[Collected data]
_____
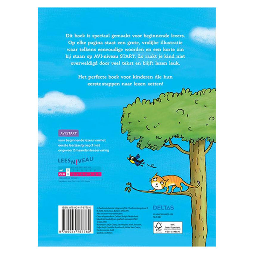 Dit boek is speciaal gemaakt voor beginnende lezers. Op elke pagina staat een grote, vrolijke illustratie waar telkens eenvoudige woorden en een korte zin bij staan op AVI-niveau START. Zo raakt je kind niet overweldigd door veel tekst en blijft lezen leuk. Het perfecte boek voor kinderen die hun eerste stappen naar lezen zetten!
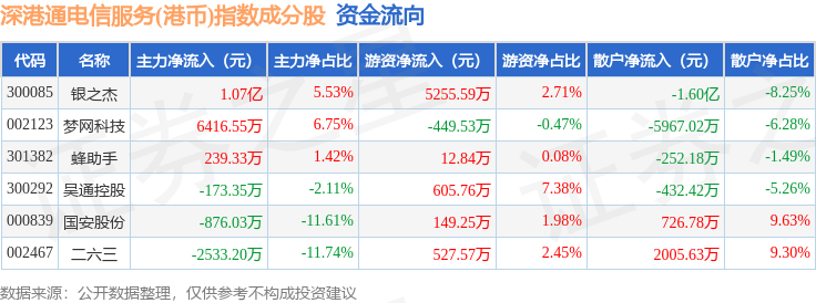 资金流向方面,深港通电信服务(港币)(983058)指数成份股当日主力资金净流入合计1.38亿元,游资资金净流入合计6101.48万元,散户资金净流出合计1.99亿元。成份股资金流向详情见下表:
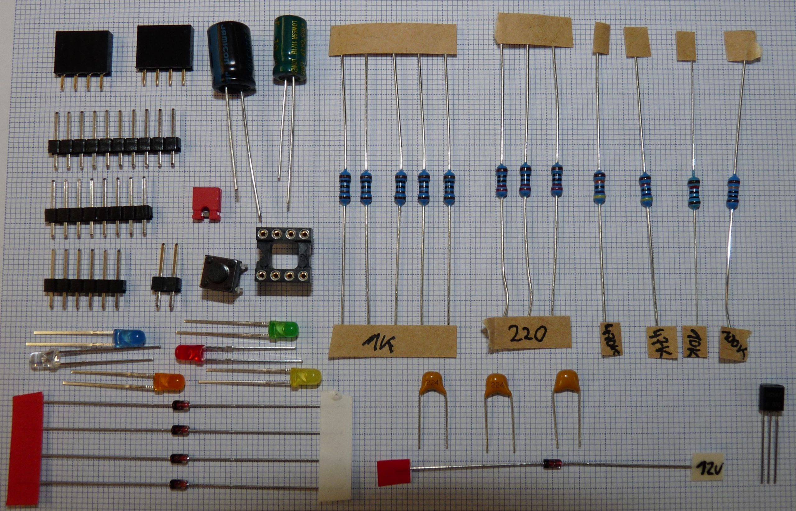 Bauteile für die Bestückung der Platine „Attiny-Programmer (400)“
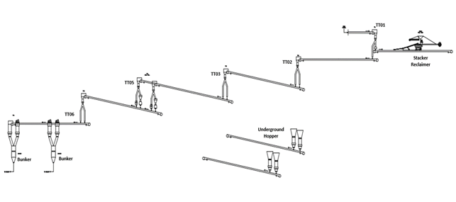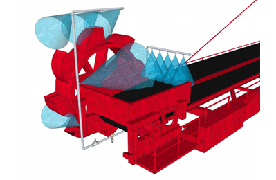 Černé uhlí pro elektrárnu Sebalang je dodáváno lodí. Z místa konečné nakládky putuje po 850 m dlouhých dopravníkových pásech do podzemního zásobníku. Na své cestě uhlí prochází pěti překládacími věžemi (obrázek 2), je drceno a několikrát překládáno. Tato překladiště jsou obzvláště kritická z hlediska emisí jemného prachu. Hydraulické trysky FogJet® 7G stříkají shora přímo na lopatkové kolo, aby se optimálně omezil jemný prach. (Obrázek 1a/b).
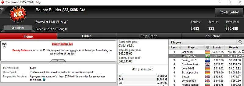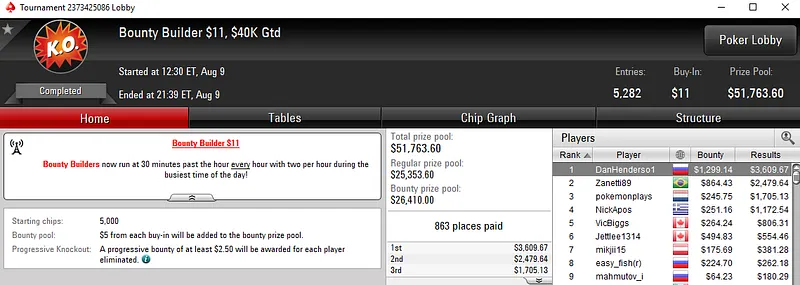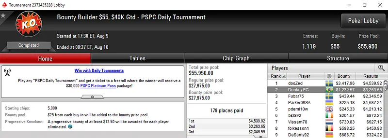 Já no Bounty Builder $109, Lincon deixou todo o mundo para trás e forrou mais $15,545. Aqui, participaram 1,050 jogadores que perfizeram um prize pool de $105,000. Na quarta colocação, odemoura ainda faturou $5,076.
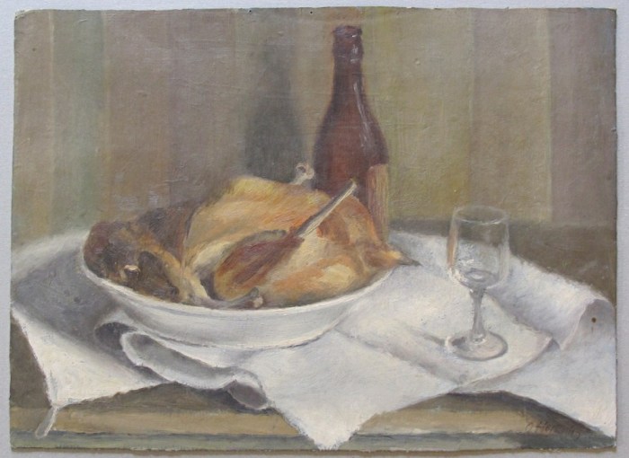 O. Hejkrlík - Zátiší s pečenou husou (olej na lepence)
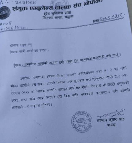 यता, संयुक्त एम्बुलेन्स चालक संघ नेपाल जिल्ला शाखा धनुषाले पनि एम्बुलेन्स भाडाको नाममा चालक रामपतिले ठगी गरेकोले आवश्यक कारवाहीको माग गरेको छ ।
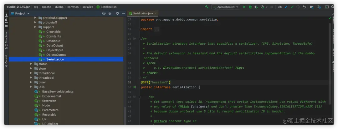 Dubbo已经定义好序列化策略的扩展点Serialization(从@SPI注解可以看出是一个SPI扩展点)
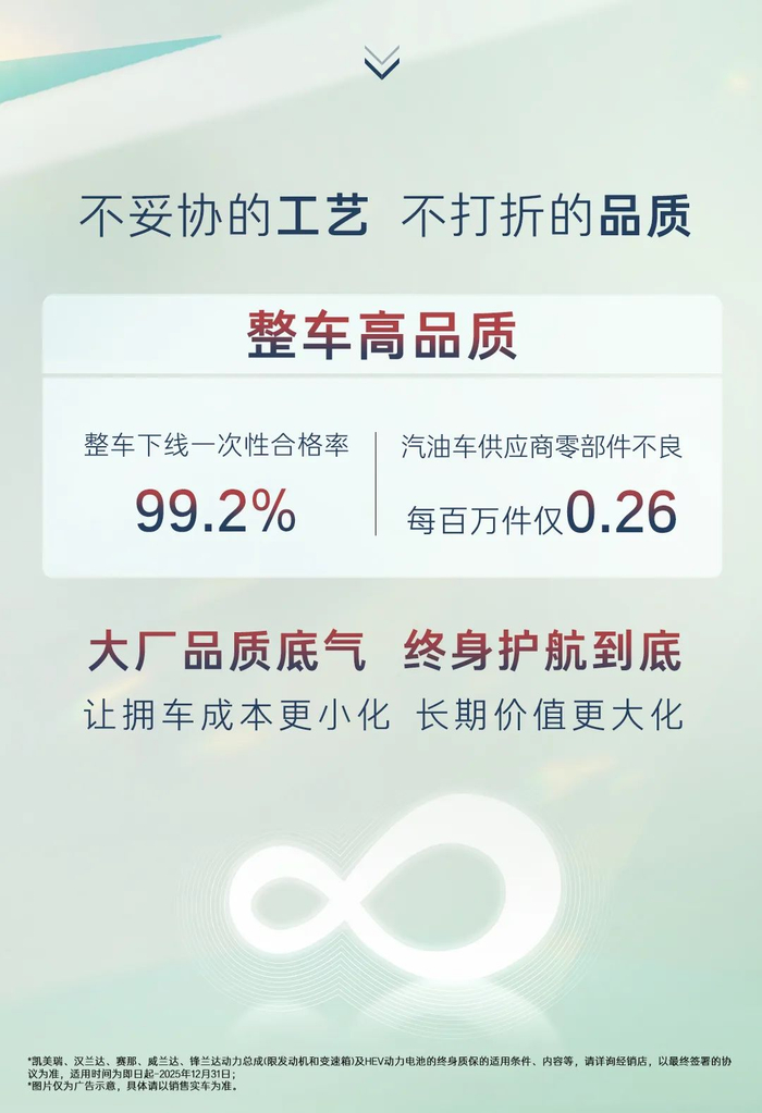 IT之家从官方介绍获悉,该权益的获取截止时间为 2025 年 12 月 31 日,包含价值 8000 元的发动机、变速箱、混动动力电池三大终身质保权益。
_____
Exercise requirements: Leaving every picture out, return the lines from the one containing "O. Hejkrlík - Zátiší" through the last line of the records exactly.

Response box:
 O. Hejkrlík - Zátiší s pečenou husou (olej na lepence)
 यता, संयुक्त एम्बुलेन्स चालक संघ नेपाल जिल्ला शाखा धनुषाले पनि एम्बुलेन्स भाडाको नाममा चालक रामपतिले ठगी गरेकोले आवश्यक कारवाहीको माग गरेको छ ।
 Dubbo已经定义好序列化策略的扩展点Serialization(从@SPI注解可以看出是一个SPI扩展点)
 IT之家从官方介绍获悉,该权益的获取截止时间为 2025 年 12 月 31 日,包含价值 8000 元的发动机、变速箱、混动动力电池三大终身质保权益。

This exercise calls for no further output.